Items listed in a dataset:
__________________________________________________

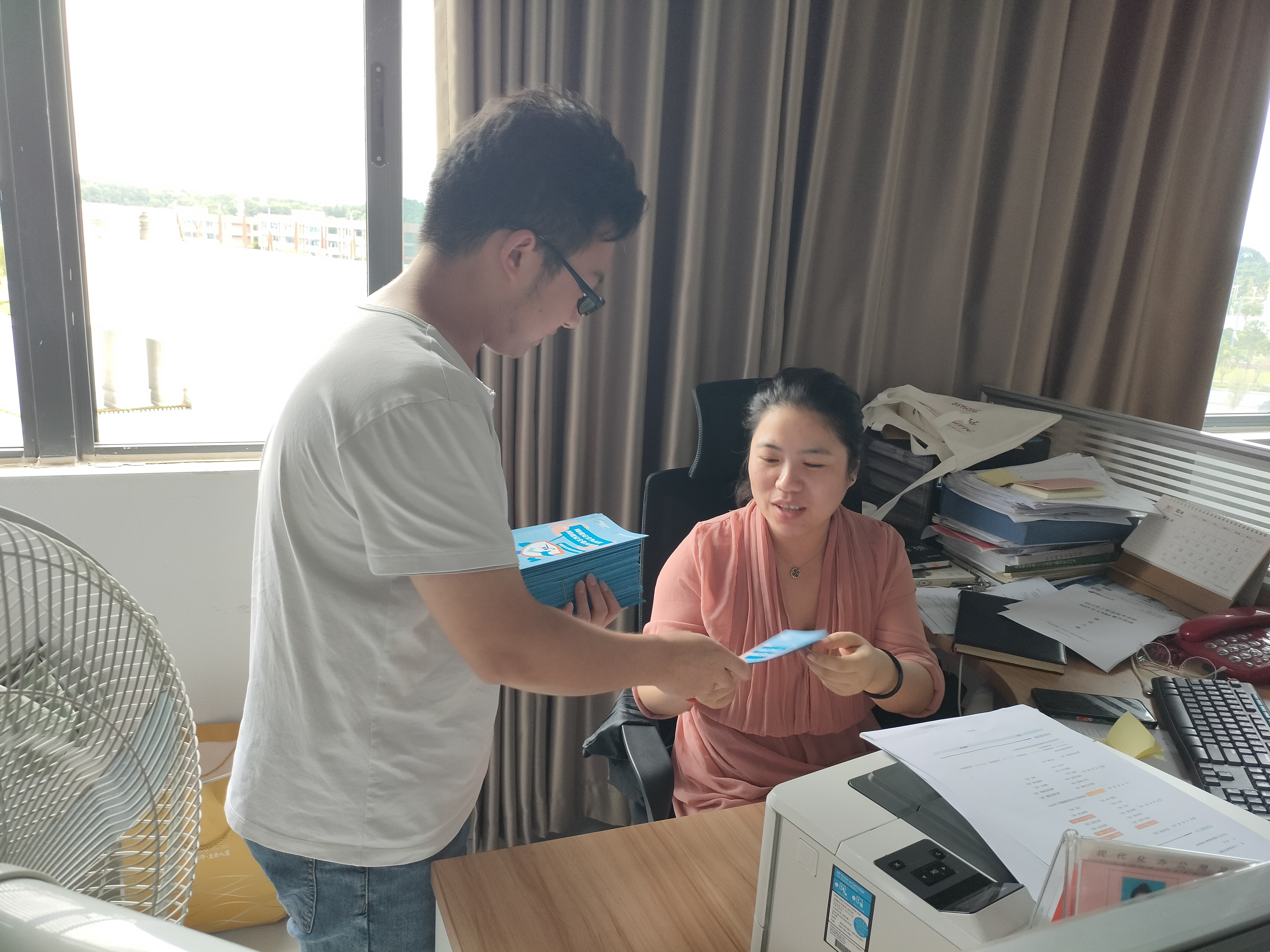 图文信息中心工作员到教师办公室、图书馆发放国家网络安全周宣传手册,向师生宣传网络安全知识。
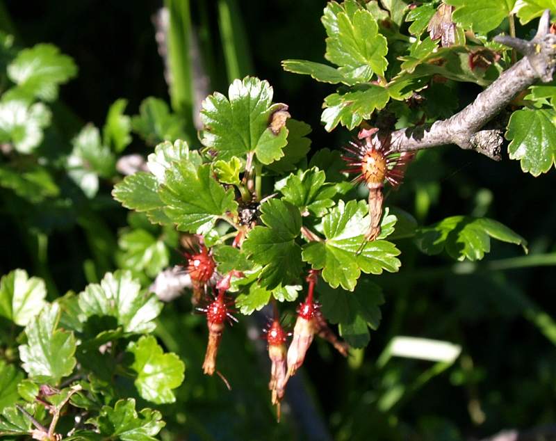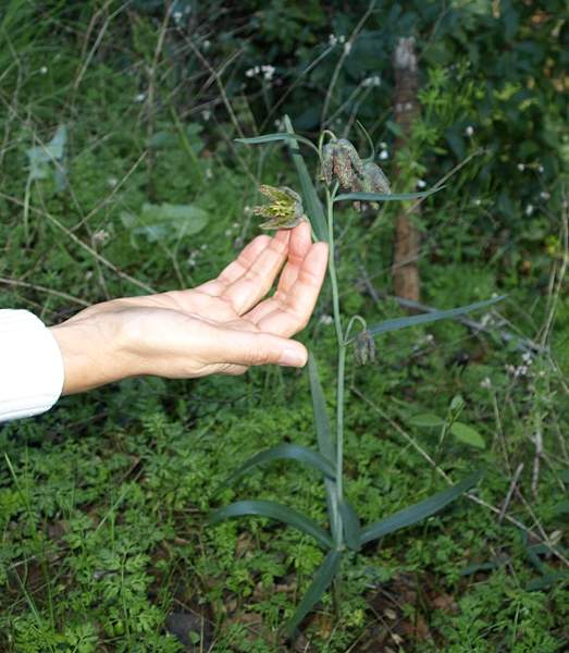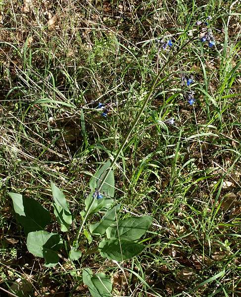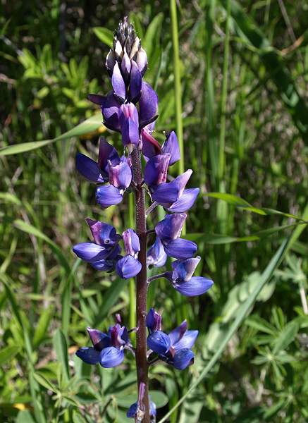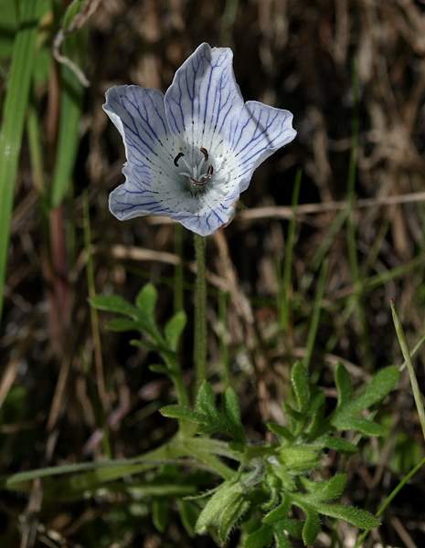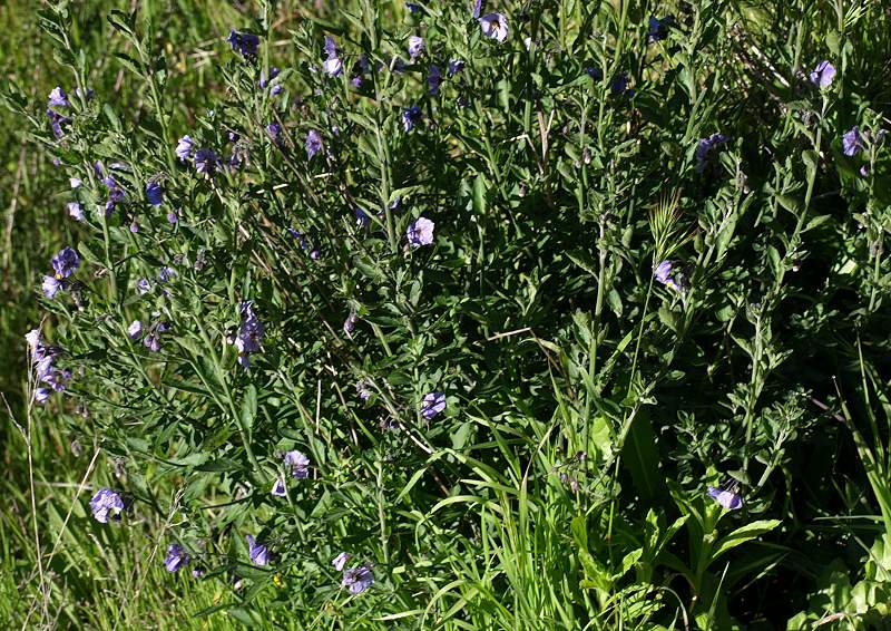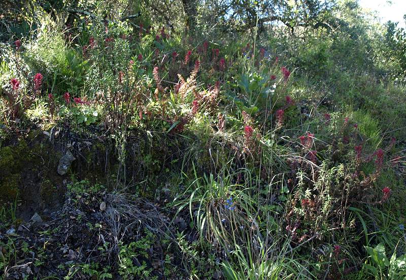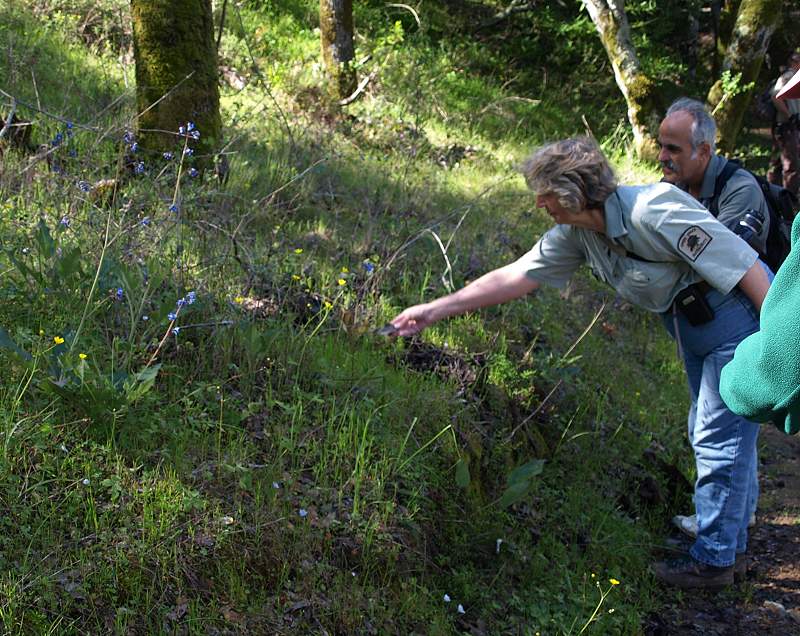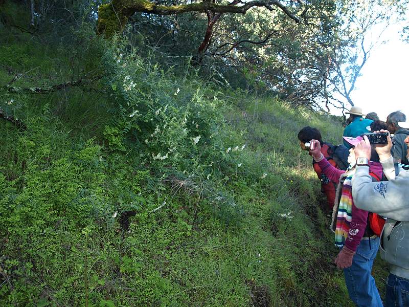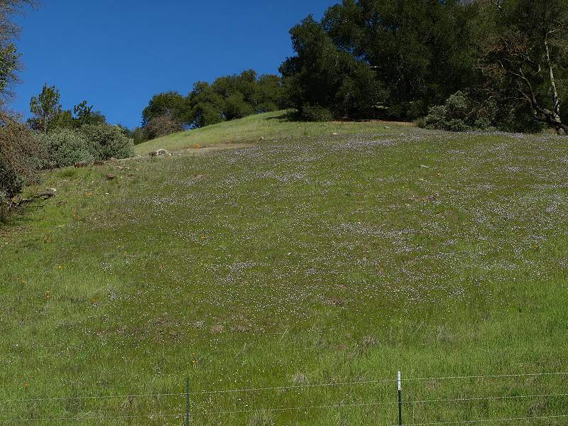 The group assembles at the Casa Loma Staging Area, at 700 feet in elevation. From the staging area, we take the Mayfair Ranch Trail, opened in 2007. In the field near the trailhead, Cait talks about the grafting of walnut trees. The Mayfair Ranch Trail, after it crosses Casa Loma Road, begins to ascend the hill. Johnny jump-ups Fiddlenecks line the side of the trail. Blue witch Hound's tongue Milkmaids Baby blue eyes Baby blue eyes, California buttercups, shooting stars As we crest the hill, we can see across the valley to the hills of Calero County Park. Across the valley, Calero County Park's Bald Peaks Trail leads along the ridgetop into Rancho Canada Del Oro. Looking at a rarely-seen fritillaria Fritillaria affinis, also called mission bells, chocolate lily, or checker lily Ferns line this shady stretch of trail. California buttercups Vetch Manzanita forest The trail emerges from the forest onto a ridge covered with scattered blue oak trees. Blue oaks View towards the Sierra Azuls. 3790-foot Mt. Loma Prieta is the peak on the right, the highest point in the Santa Cruz Mountains. View of the Blair Ranch, owned by the SCCOSA, but not yet open to the public except on special tours. Fremont star lily Looking at Indian warriors Indian warriors Heading up the hill along the ridge, through groves of blue oaks. Across the valley, we can see the Bald Peaks of Rancho Canada Del Oro. The highest point on that ridge is over 1800 feet. One last uphill stretch. Gooseberries This is near the high point of the trail, which is at about 1340 feet. We don't reach the highest point on the ridge, which is at 1767 feet. Rounding a bend, we can see 3486-foot Mt. Umunhum (left of center
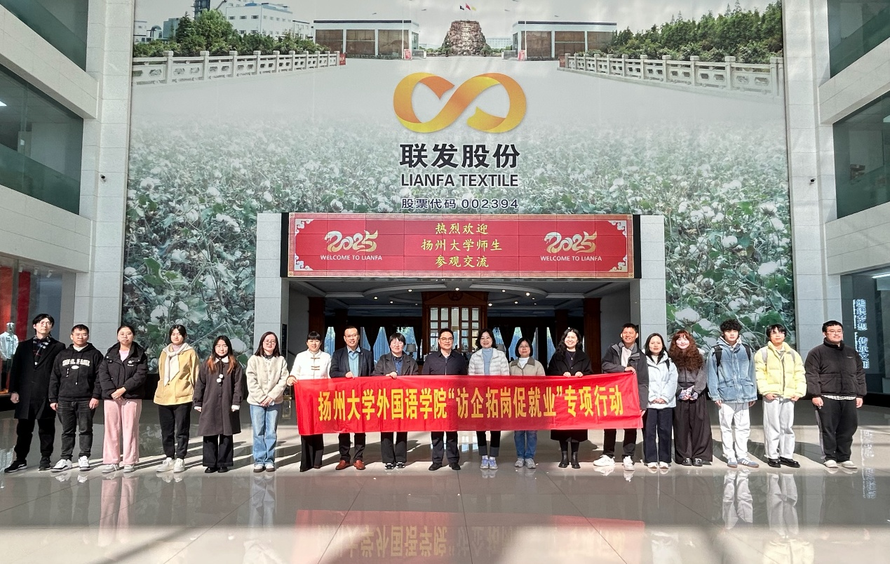 为深化校企合作,推进产教融合,助力学生高质量就业,11月18日,学院党委书记居学明和院长助理高彬率队赴江苏联发纺织股份有限公司参观交流,开展“访企拓岗促就业”专项行动。阿拉伯语系专业教师林羽倩、古萍,辅导员王昊,以及阿拉伯语、西班牙语、商务英语和翻译等专业学生代表,共28人参加活动。
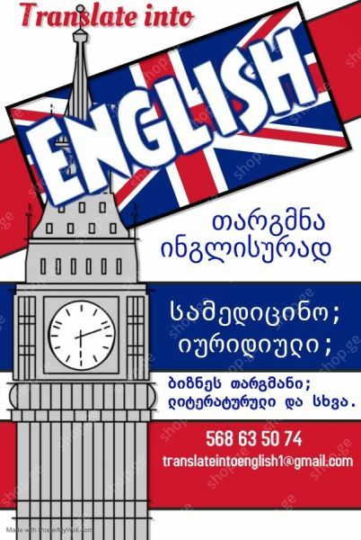 გთხოვთ, დაგვიკავშირდეთ ნომერზე 568635074 ან გადმოაგზავნოთ სათარგმნი მასალა და თქვენი მოთხოვნები (ვადები) შემდეგ ელ.ფოსტაზე: translateintoenglish1@gmail.com
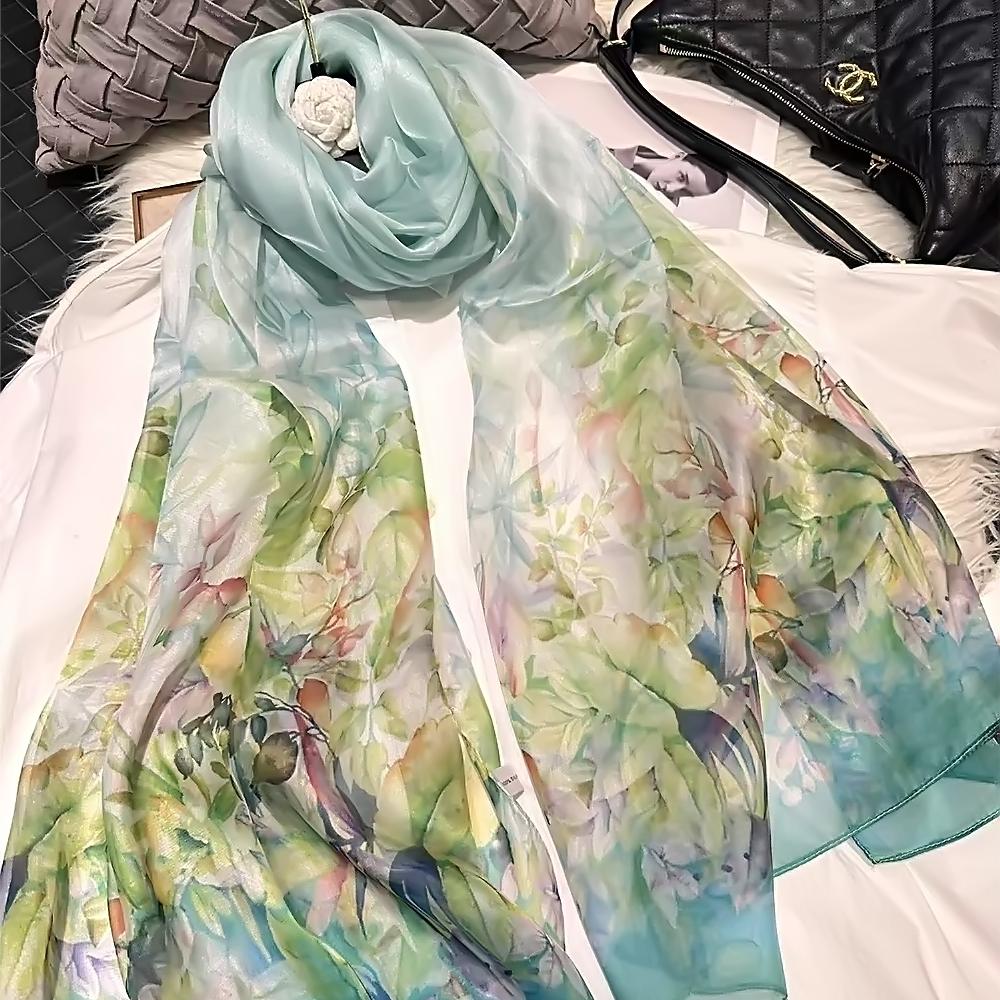 Blue Green 100% Silk Shawl Scarf Women Fashion New Floral Design Long Scarves Wraps Summer Chiffon Beach Scarf Wrap 180*110Cm

__________________________________________________

▸ Work request
Give the data again exactly as it appears, but without any images.

▸ Written response
 图文信息中心工作员到教师办公室、图书馆发放国家网络安全周宣传手册,向师生宣传网络安全知识。
 The group assembles at the Casa Loma Staging Area, at 700 feet in elevation. From the staging area, we take the Mayfair Ranch Trail, opened in 2007. In the field near the trailhead, Cait talks about the grafting of walnut trees. The Mayfair Ranch Trail, after it crosses Casa Loma Road, begins to ascend the hill. Johnny jump-ups Fiddlenecks line the side of the trail. Blue witch Hound's tongue Milkmaids Baby blue eyes Baby blue eyes, California buttercups, shooting stars As we crest the hill, we can see across the valley to the hills of Calero County Park. Across the valley, Calero County Park's Bald Peaks Trail leads along the ridgetop into Rancho Canada Del Oro. Looking at a rarely-seen fritillaria Fritillaria affinis, also called mission bells, chocolate lily, or checker lily Ferns line this shady stretch of trail. California buttercups Vetch Manzanita forest The trail emerges from the forest onto a ridge covered with scattered blue oak trees. Blue oaks View towards the Sierra Azuls. 3790-foot Mt. Loma Prieta is the peak on the right, the highest point in the Santa Cruz Mountains. View of the Blair Ranch, owned by the SCCOSA, but not yet open to the public except on special tours. Fremont star lily Looking at Indian warriors Indian warriors Heading up the hill along the ridge, through groves of blue oaks. Across the valley, we can see the Bald Peaks of Rancho Canada Del Oro. The highest point on that ridge is over 1800 feet. One last uphill stretch. Gooseberries This is near the high point of the trail, which is at about 1340 feet. We don't reach the highest point on the ridge, which is at 1767 feet. Rounding a bend, we can see 3486-foot Mt. Umunhum (left of center
 为深化校企合作,推进产教融合,助力学生高质量就业,11月18日,学院党委书记居学明和院长助理高彬率队赴江苏联发纺织股份有限公司参观交流,开展“访企拓岗促就业”专项行动。阿拉伯语系专业教师林羽倩、古萍,辅导员王昊,以及阿拉伯语、西班牙语、商务英语和翻译等专业学生代表,共28人参加活动。
 გთხოვთ, დაგვიკავშირდეთ ნომერზე 568635074 ან გადმოაგზავნოთ სათარგმნი მასალა და თქვენი მოთხოვნები (ვადები) შემდეგ ელ.ფოსტაზე: translateintoenglish1@gmail.com
 Blue Green 100% Silk Shawl Scarf Women Fashion New Floral Design Long Scarves Wraps Summer Chiffon Beach Scarf Wrap 180*110Cm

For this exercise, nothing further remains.